▸ **Work request**
Restate all the lines below word for word, but omit the pictures.

[Stored items from a collection]
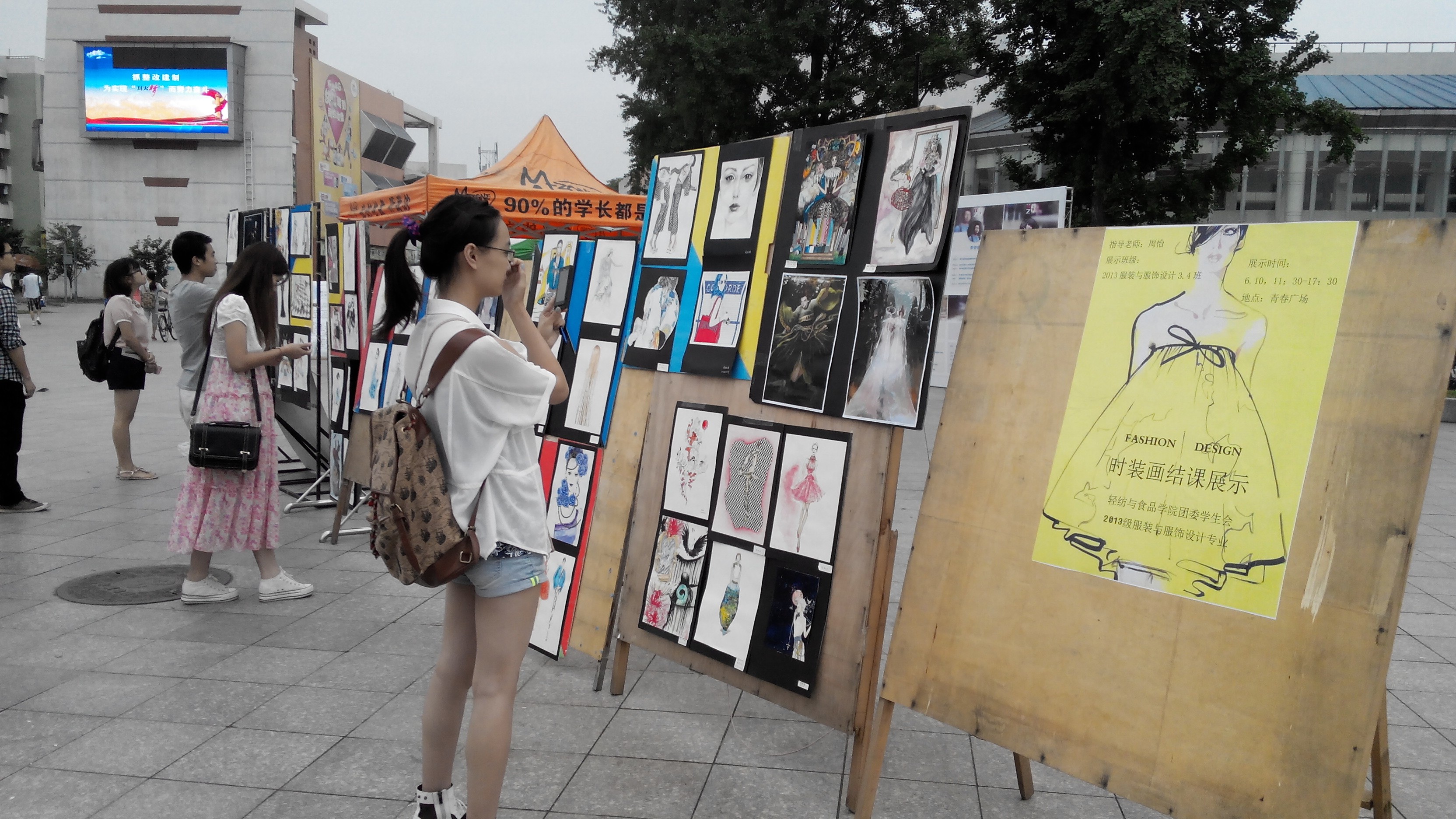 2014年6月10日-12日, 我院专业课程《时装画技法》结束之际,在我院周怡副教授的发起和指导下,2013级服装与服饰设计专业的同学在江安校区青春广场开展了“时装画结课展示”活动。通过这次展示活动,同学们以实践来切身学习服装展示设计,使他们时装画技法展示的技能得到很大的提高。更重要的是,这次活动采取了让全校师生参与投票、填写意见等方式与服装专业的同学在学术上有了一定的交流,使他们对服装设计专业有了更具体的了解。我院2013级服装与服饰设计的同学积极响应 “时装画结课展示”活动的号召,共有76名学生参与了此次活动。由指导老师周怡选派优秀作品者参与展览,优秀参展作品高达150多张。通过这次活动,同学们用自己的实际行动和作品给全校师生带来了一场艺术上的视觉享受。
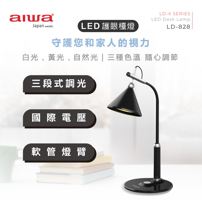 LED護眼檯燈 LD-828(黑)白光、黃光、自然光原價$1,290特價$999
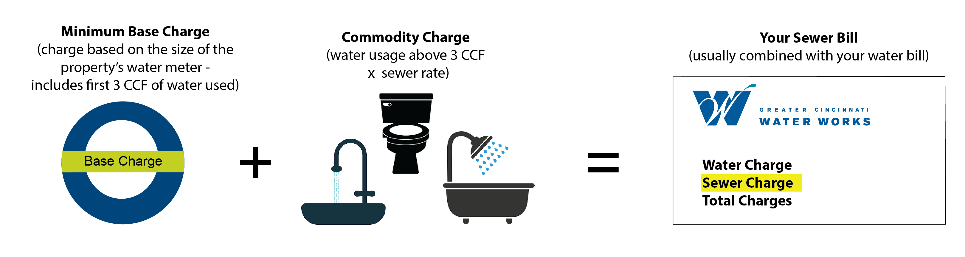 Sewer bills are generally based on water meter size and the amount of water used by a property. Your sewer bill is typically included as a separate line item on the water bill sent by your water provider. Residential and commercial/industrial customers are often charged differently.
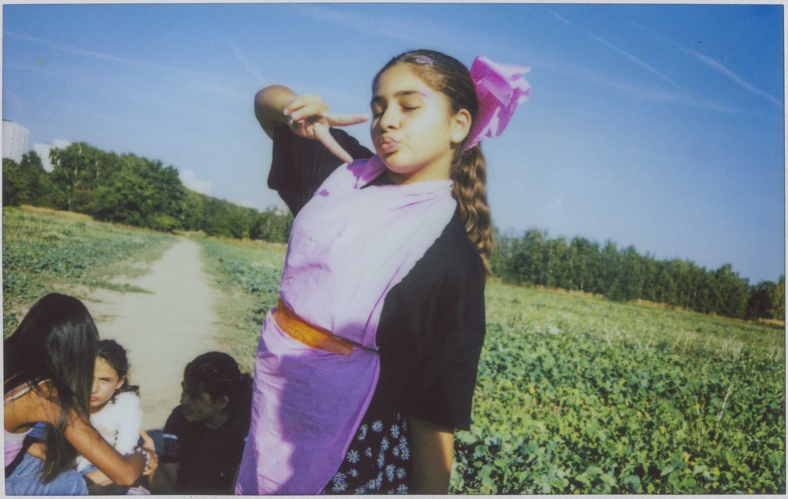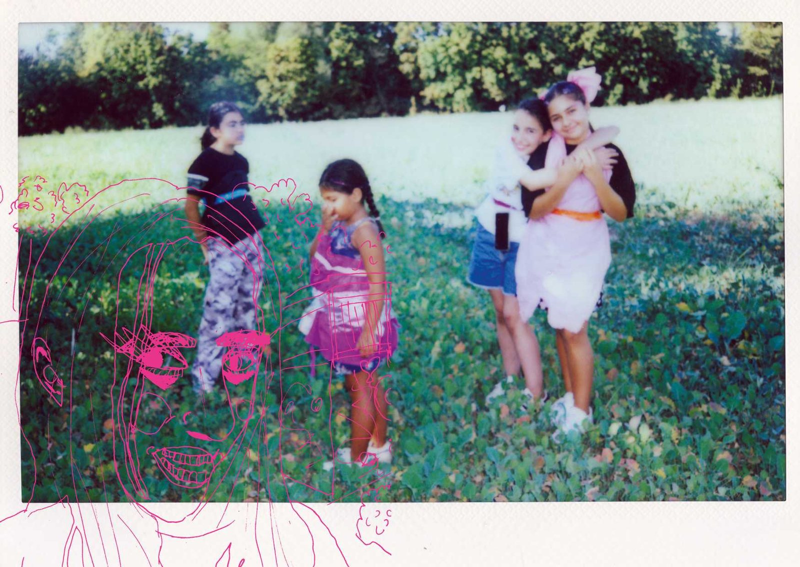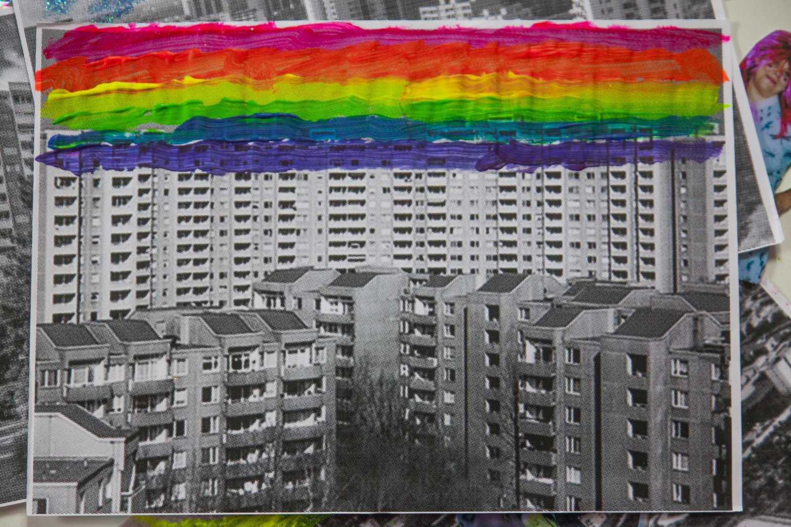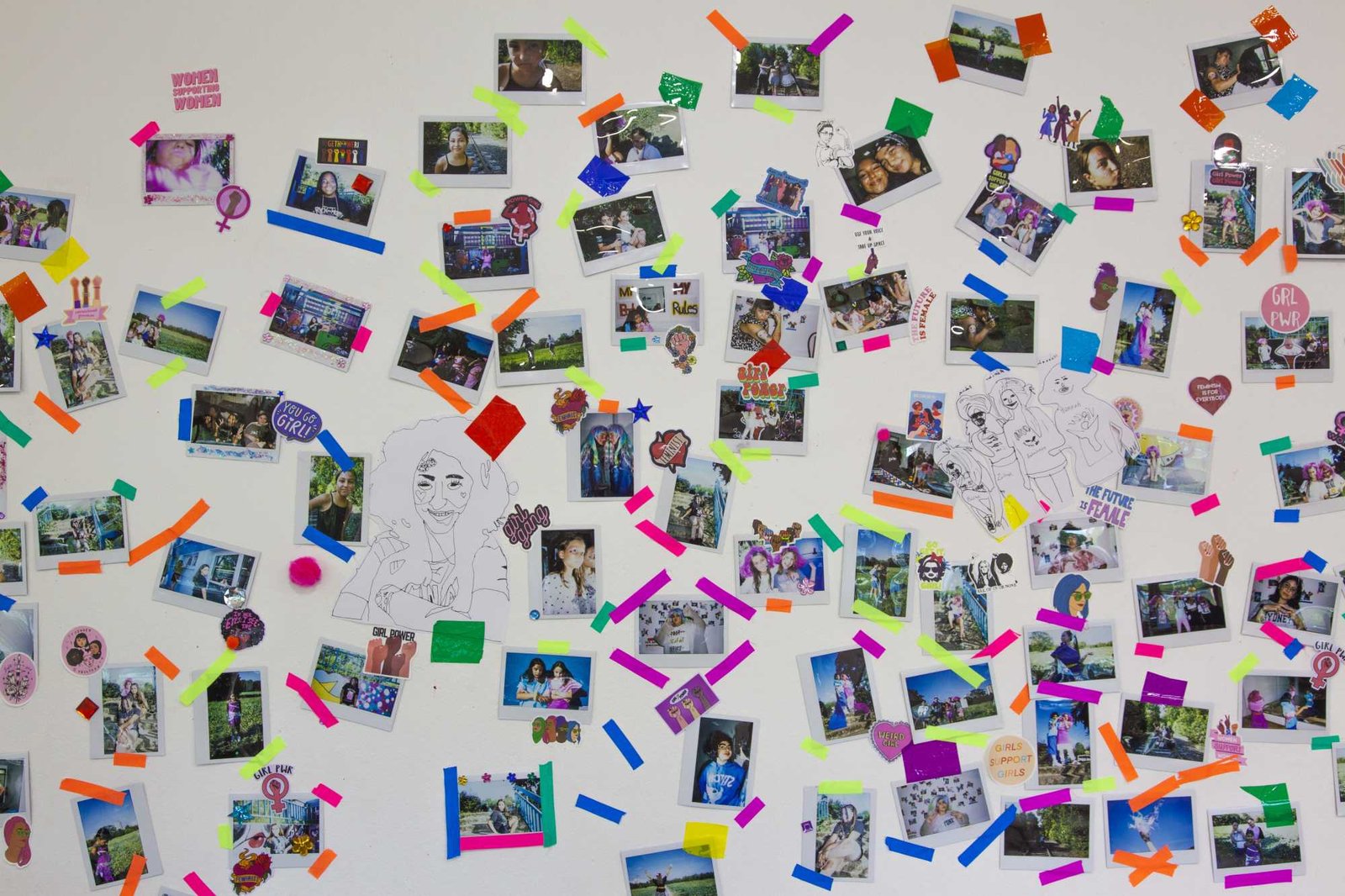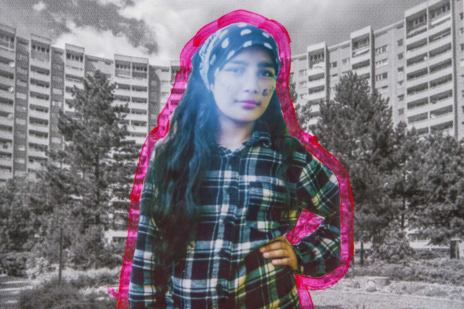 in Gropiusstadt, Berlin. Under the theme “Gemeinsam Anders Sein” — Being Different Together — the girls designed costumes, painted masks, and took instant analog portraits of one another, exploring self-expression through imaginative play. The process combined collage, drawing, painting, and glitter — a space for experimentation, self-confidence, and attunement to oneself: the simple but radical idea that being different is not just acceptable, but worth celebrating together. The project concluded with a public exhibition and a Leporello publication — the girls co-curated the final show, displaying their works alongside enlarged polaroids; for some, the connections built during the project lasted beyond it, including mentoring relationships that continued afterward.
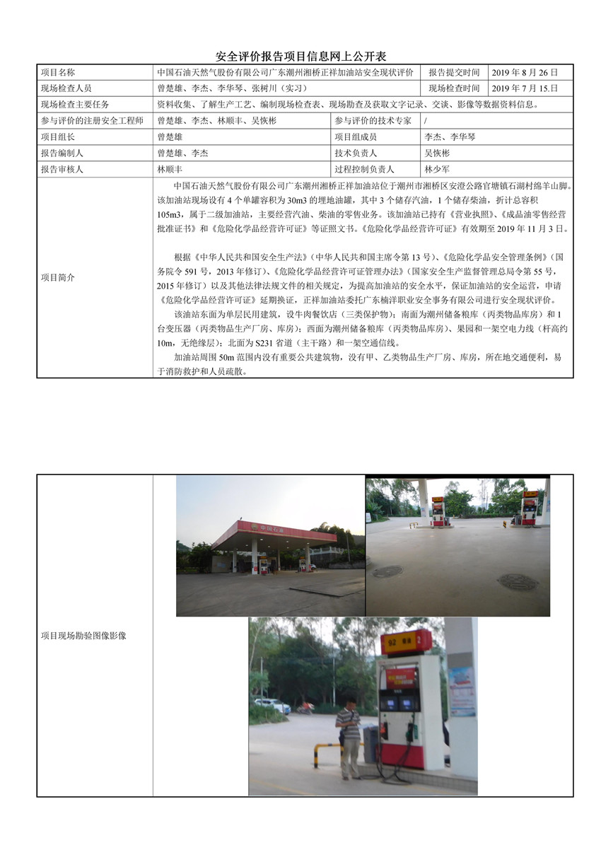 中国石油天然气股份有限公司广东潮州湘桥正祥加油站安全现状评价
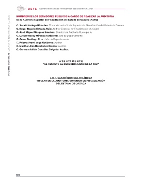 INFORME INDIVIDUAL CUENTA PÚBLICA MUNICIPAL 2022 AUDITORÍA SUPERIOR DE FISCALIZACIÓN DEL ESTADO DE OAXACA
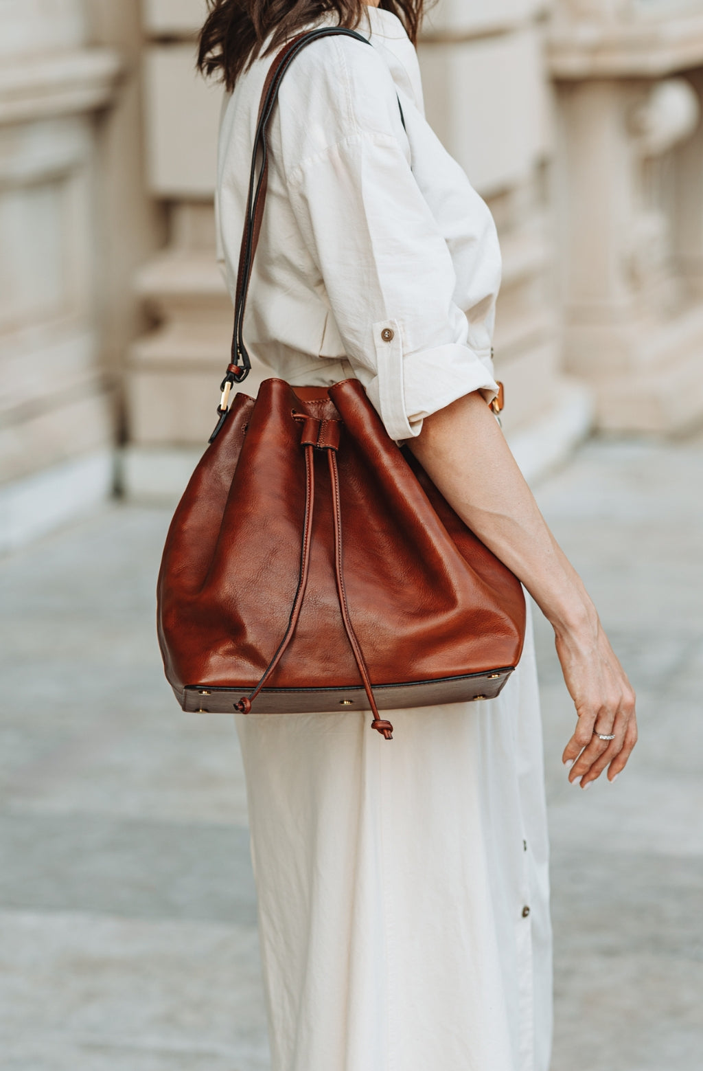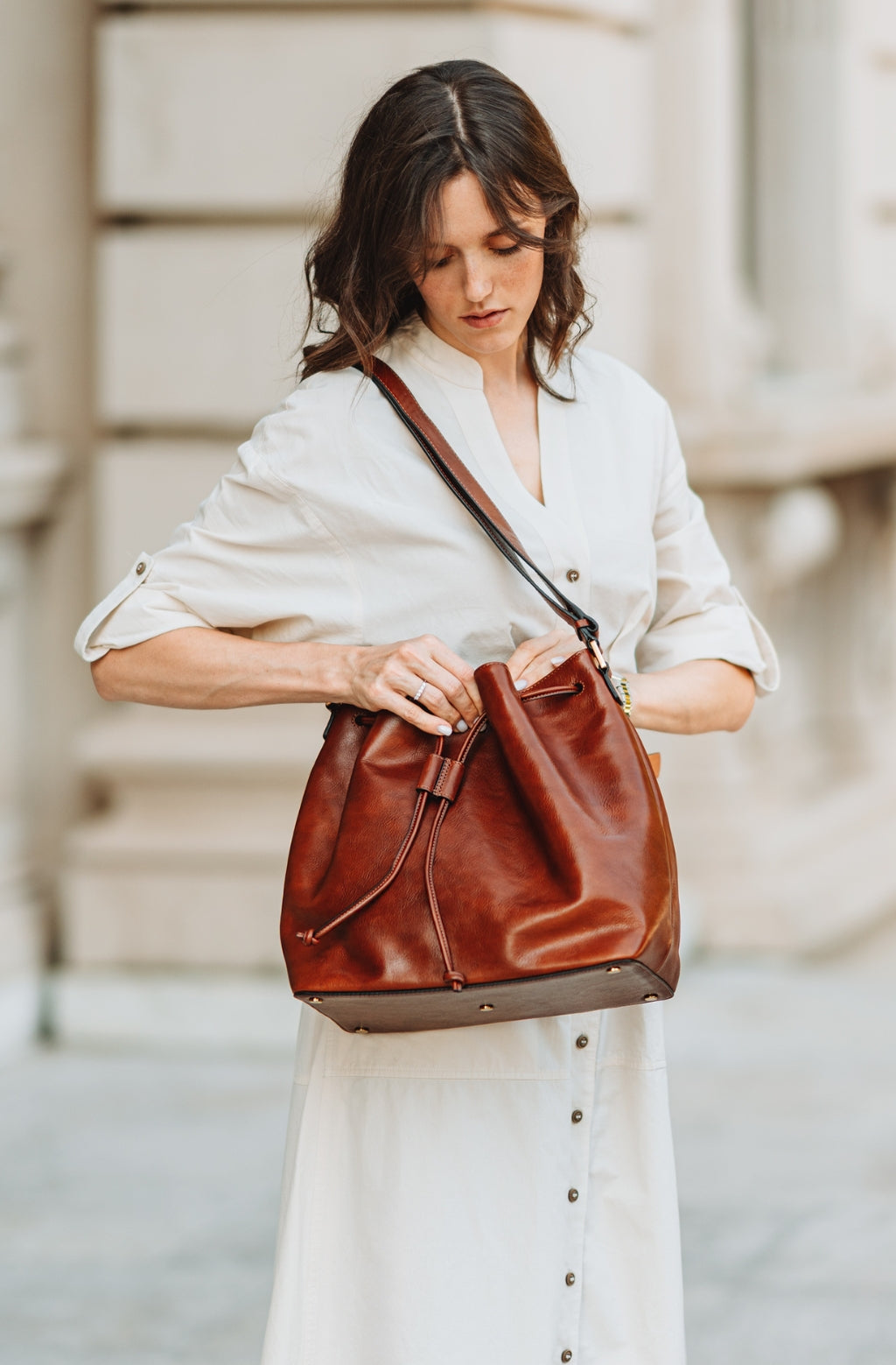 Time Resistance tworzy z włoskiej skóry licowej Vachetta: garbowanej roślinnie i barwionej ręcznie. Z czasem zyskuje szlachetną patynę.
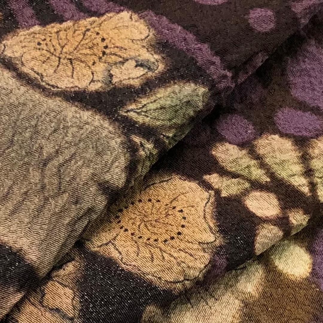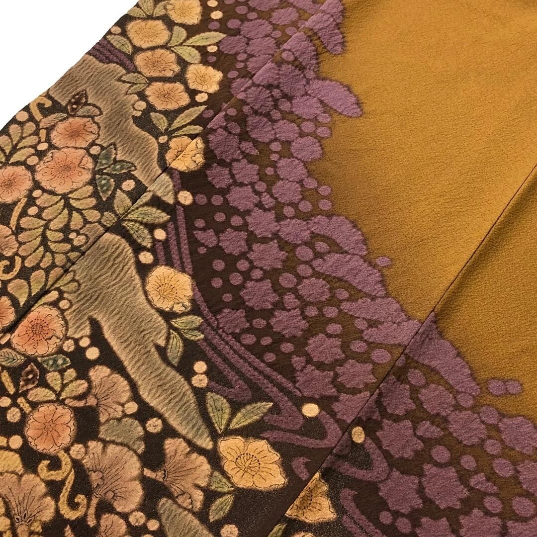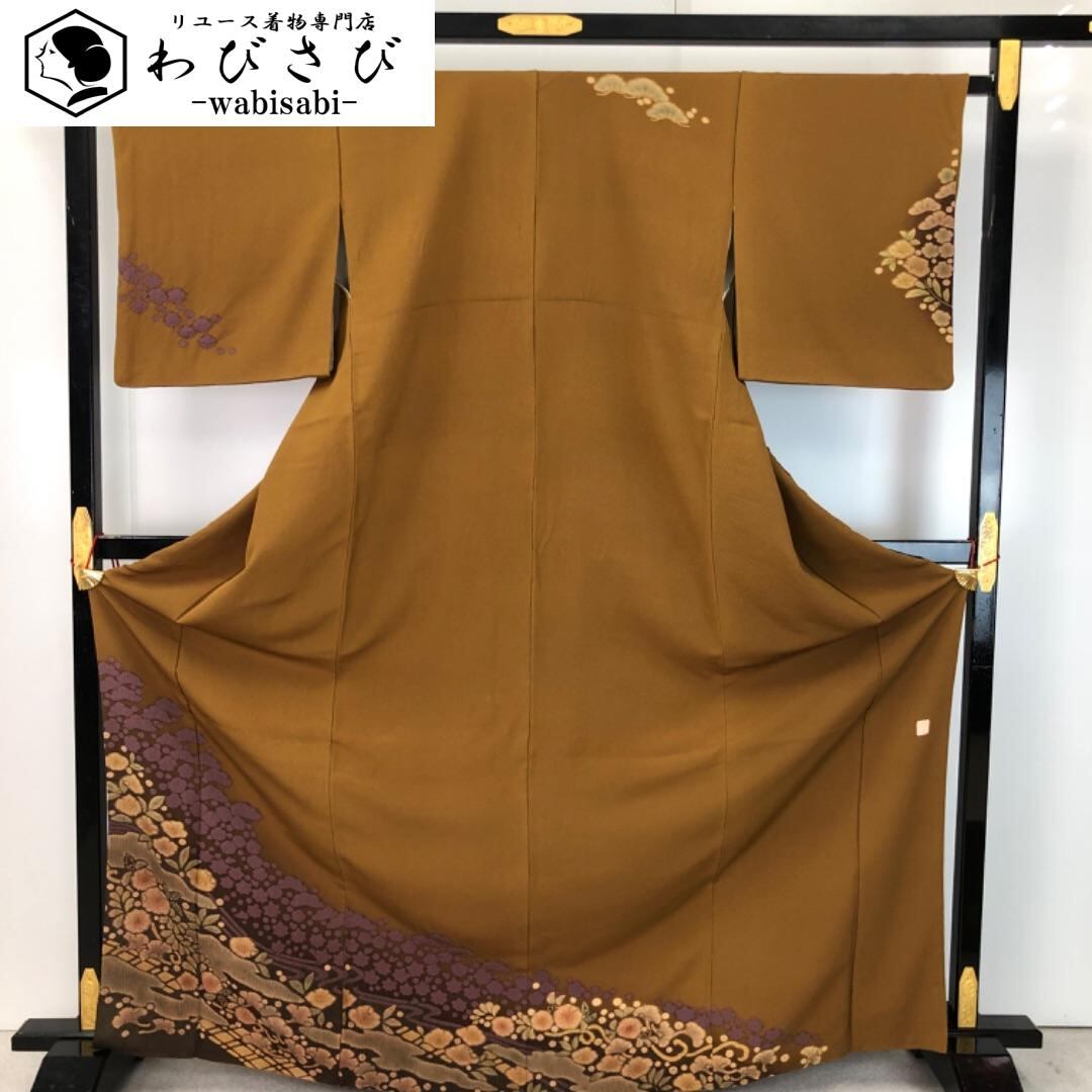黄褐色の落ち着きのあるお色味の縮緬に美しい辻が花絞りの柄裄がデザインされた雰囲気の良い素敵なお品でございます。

▸ **Solution for this exercise**
 2014年6月10日-12日, 我院专业课程《时装画技法》结束之际,在我院周怡副教授的发起和指导下,2013级服装与服饰设计专业的同学在江安校区青春广场开展了“时装画结课展示”活动。通过这次展示活动,同学们以实践来切身学习服装展示设计,使他们时装画技法展示的技能得到很大的提高。更重要的是,这次活动采取了让全校师生参与投票、填写意见等方式与服装专业的同学在学术上有了一定的交流,使他们对服装设计专业有了更具体的了解。我院2013级服装与服饰设计的同学积极响应 “时装画结课展示”活动的号召,共有76名学生参与了此次活动。由指导老师周怡选派优秀作品者参与展览,优秀参展作品高达150多张。通过这次活动,同学们用自己的实际行动和作品给全校师生带来了一场艺术上的视觉享受。
 LED護眼檯燈 LD-828(黑)白光、黃光、自然光原價$1,290特價$999
 Sewer bills are generally based on water meter size and the amount of water used by a property. Your sewer bill is typically included as a separate line item on the water bill sent by your water provider. Residential and commercial/industrial customers are often charged differently.
 in Gropiusstadt, Berlin. Under the theme “Gemeinsam Anders Sein” — Being Different Together — the girls designed costumes, painted masks, and took instant analog portraits of one another, exploring self-expression through imaginative play. The process combined collage, drawing, painting, and glitter — a space for experimentation, self-confidence, and attunement to oneself: the simple but radical idea that being different is not just acceptable, but worth celebrating together. The project concluded with a public exhibition and a Leporello publication — the girls co-curated the final show, displaying their works alongside enlarged polaroids; for some, the connections built during the project lasted beyond it, including mentoring relationships that continued afterward.
 中国石油天然气股份有限公司广东潮州湘桥正祥加油站安全现状评价
 INFORME INDIVIDUAL CUENTA PÚBLICA MUNICIPAL 2022 AUDITORÍA SUPERIOR DE FISCALIZACIÓN DEL ESTADO DE OAXACA
 Time Resistance tworzy z włoskiej skóry licowej Vachetta: garbowanej roślinnie i barwionej ręcznie. Z czasem zyskuje szlachetną patynę.
黄褐色の落ち着きのあるお色味の縮緬に美しい辻が花絞りの柄裄がデザインされた雰囲気の良い素敵なお品でございます。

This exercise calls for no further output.